All of it was modest, all of it was tailored.” Downstairs again, Ms. Gomez barked: “This will start on time. I am not the kind of person who will start a 7 o’clock show at 7:45 — oh hell no!” But first she led a short prayer session, asking God for the safety of everyone on the runway and for the audience to be open­minded about what constituted Christian fashion. When it came to the latter matter, Ms. Gomez would have her work cut out for her. “What does not appeal to me is this trend of less and less and less material for women’s clothing,” said Kim Albritton, an interior decorator from Lithia, Fla., who was sitting in the middle of the front row, as glamorous as Anna Wintour with her brunette bob, black­and­white jacket and coppery necklaces. “I have two daughters, and I cannot tell you how many times I said to them: ‘Absolutely not. You will not be getting booty shorts!’ ” Decrying “50 Shades of Grey” and the Kardashian circus, Mrs. Albritton said she teaches Bible study to high school girls and regularly lectures them on the shortness of their skirts.

“Those goodies that God gave you are supposed to be saved for your husband, so you need to put things away and leave some mystery in there,” she said. “I don’t care anything about seeing a woman with everything she has showing through her shirt on the runway. I don’t have any desire. That’s not fashion to me.” In fact, in the show’s finale, a model did come down the runway with her bra showing through her lace capelet. Mrs.

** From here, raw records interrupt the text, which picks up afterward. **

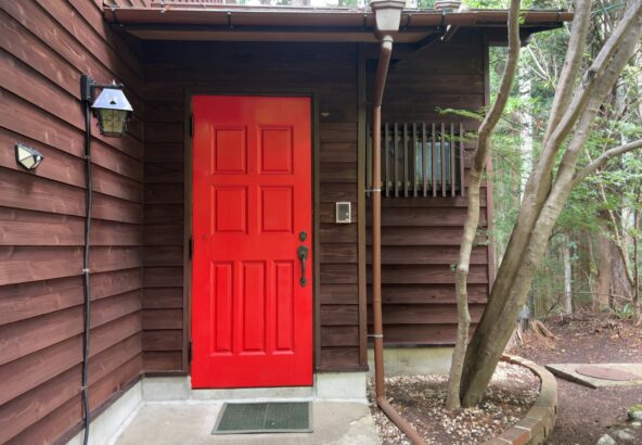 赤が印象的な玄関ドア。 外観のアクセントにもなっておりロッジの雰囲気を一層引き立ててくれます。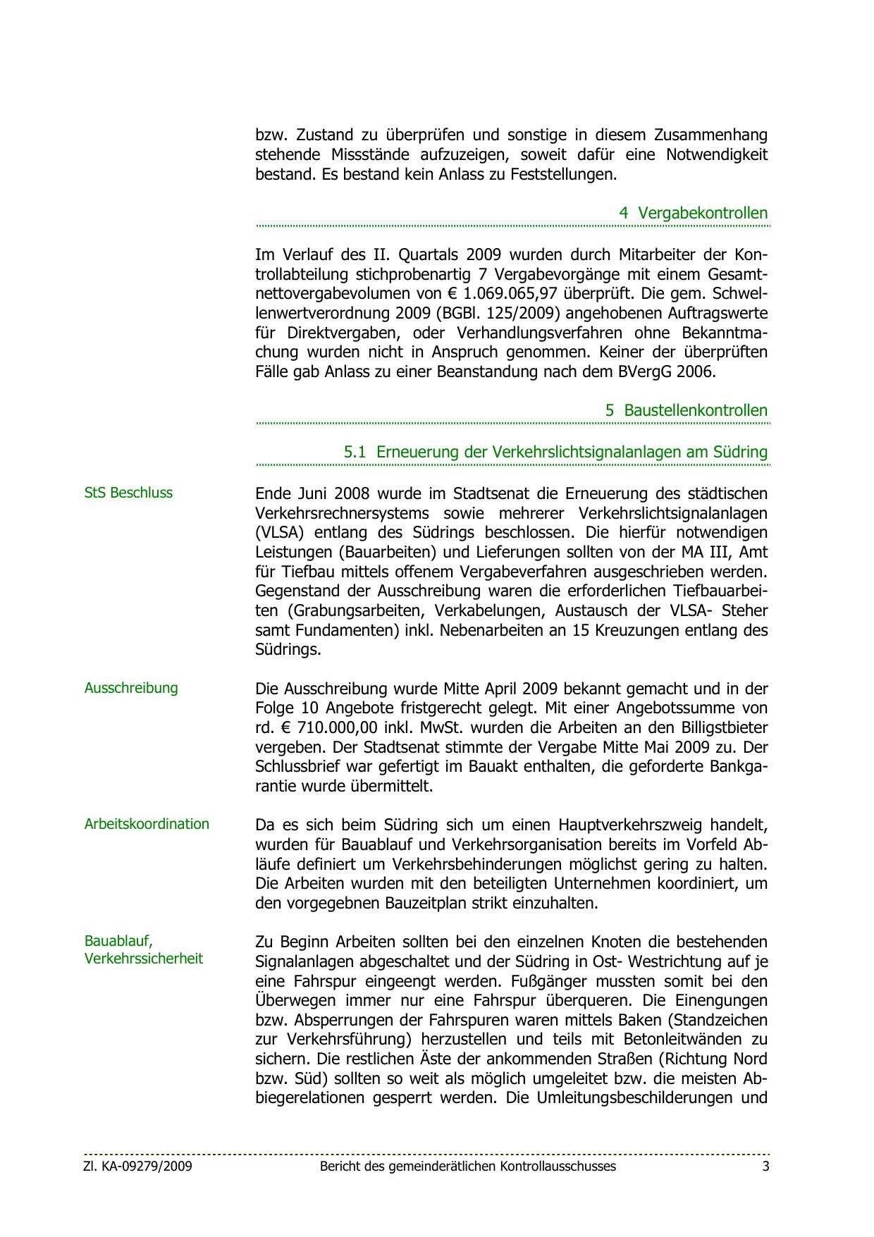 Im Verlauf des II. Quartals 2009 wurden durch Mitarbeiter der Kontrollabteilung stichprobenartig 7 Vergabevorgänge mit einem Gesamtnettovergabevolumen von € 1.069.065,97 überprüft. Die gem. Schwellenwertverordnung 2009 (BGBl. 125/2009) angehobenen Auftragswerte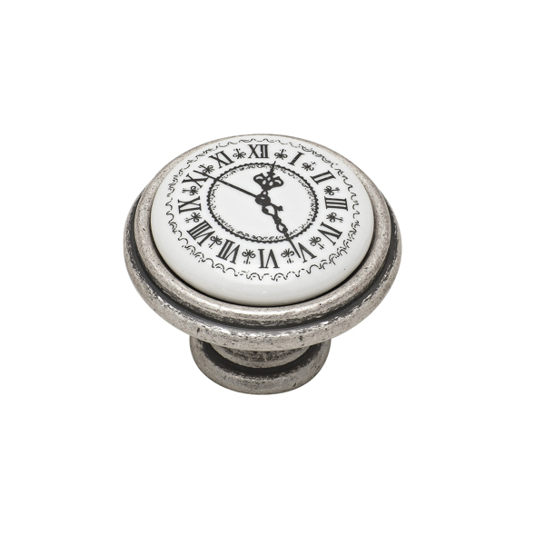 Ένα κλασικό vintage πόμολο επίπλου με πορσελάνη για έπιπλα μπάνιου, κουζίνας και σαλονιού, σε old silver - ρολόι χρώμα, που χαρακτηρίζεται για την ποιότητα και την κομψότητά του.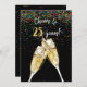 Toast au champagne sur fond noir avec des confettis qui tombent pour l'invitation à la fête des 25 ans de mariage.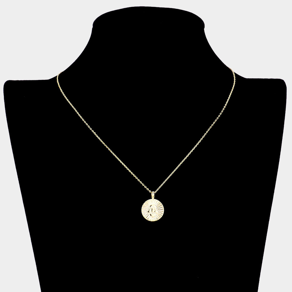 Evil Eye Accented Textured Brass Metal Round Pendant Necklace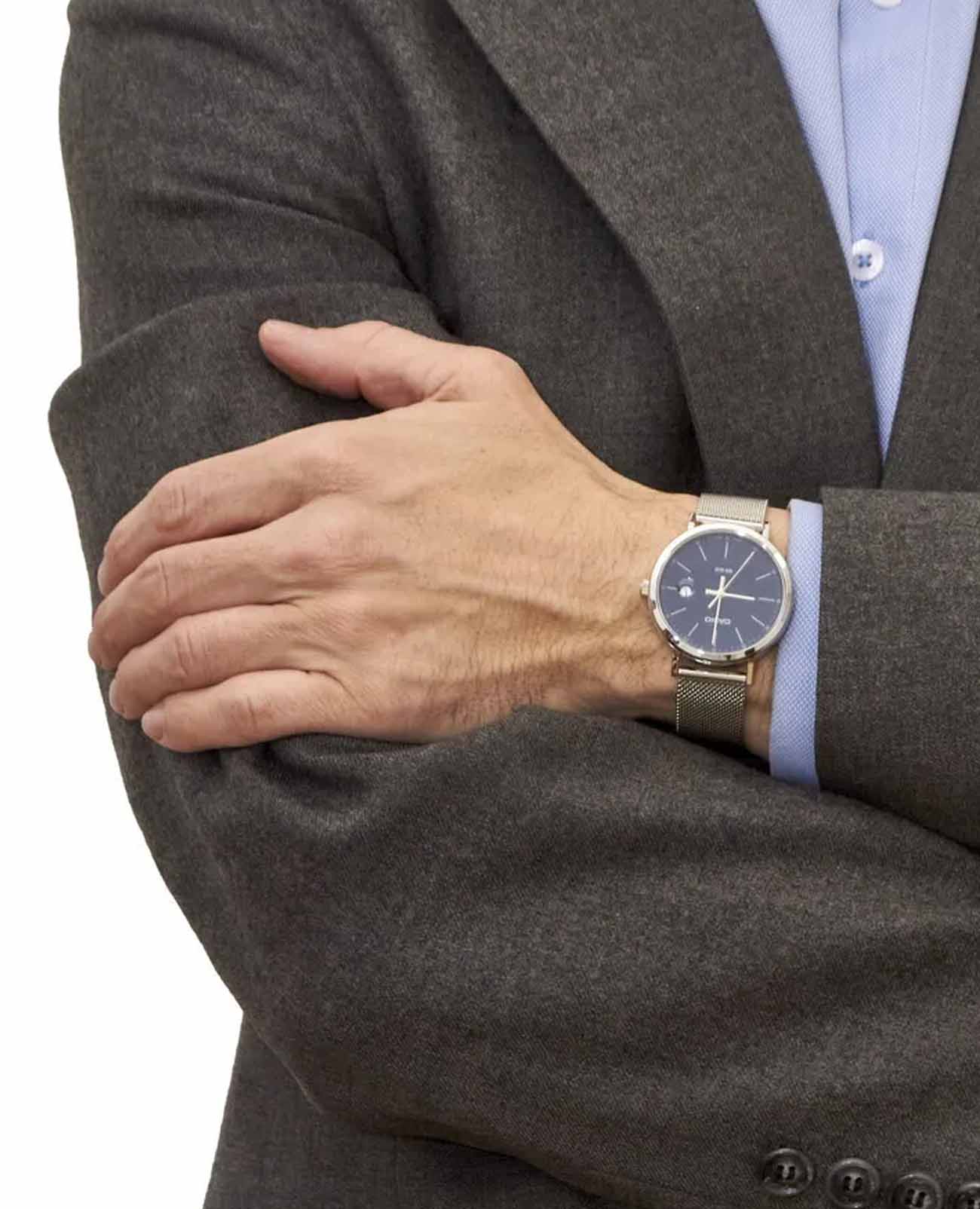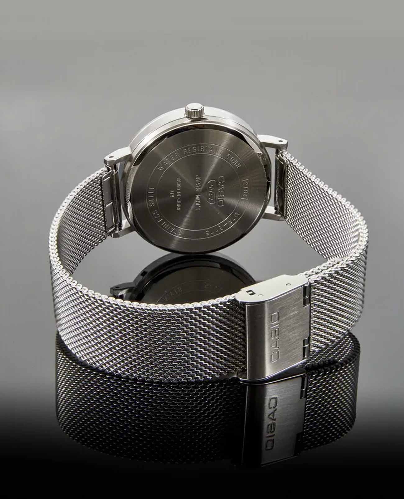 Японские мужские часы с минеральным стекломМинеральное стеклоМинеральное стекло представляет собой искусственно выращенный минерал кварца. Такое стекло отличается особой устойчивостью к повреждениям и царапинам. Уступает по некоторым качествам сапфировому стеклу. Casio Collection MTP-E175MB-2E, кварцевый механизм с высокой точностью. Корпус часов изготовлен из стали.  Циферблат с метками в виде штрихов. Окошко даты находится в положении 3 часа. Рифленая заводная головка. Класс водозащиты: 50 метров, позволит защитить корпус от случайных брызг или капель дождя. Стальной браслет миланского плетения на раскладном замкеРаскладной замокДанный вариант застежки используется только на часах с металлическим браслетом. Отличительная особенность такого крепления в том, что длина браслета становится универсальной и вы можете самостоятельно отрегулировать нужный вам размер – застежка просто двигается по браслету часов..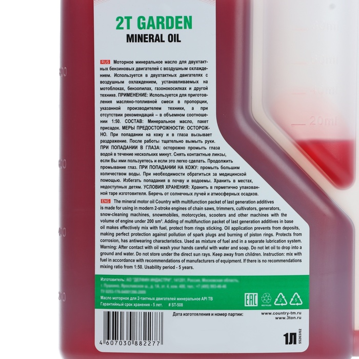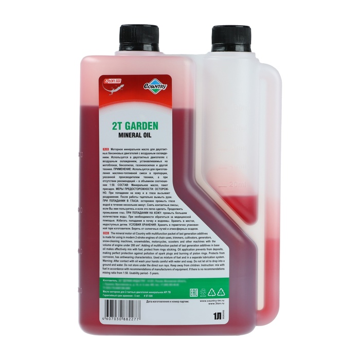Предназначено для систем с инжекторной подачей масла или систем, работающих на смеси масла с топливом. Специальные добавки предотвращают формирование отложений на поршнях, приводящих к залипанию компрессионных колец и обеспечивают гладкую работу двигателя. При использовании Country 2T резко снижается содержание вредных веществ в выхлопных газах.

Emerian, the blogger from Fresno, leaned over and said in a stage whisper, “How’s that for Christian fashion?” Not that she seemed too exercised about it. 1/19/2016 At Christian Fashion Week, Modesty Is One Policy ­ The New York Times

“Christians are being beheaded around the world, and people are debating yoga pants; it’s really upsetting,” she said. “I mean there are more important things we can be talking about.” 

Comments are closed.
fapgosu.com you can use the ombfun vibe to make her pussy drip juice like that.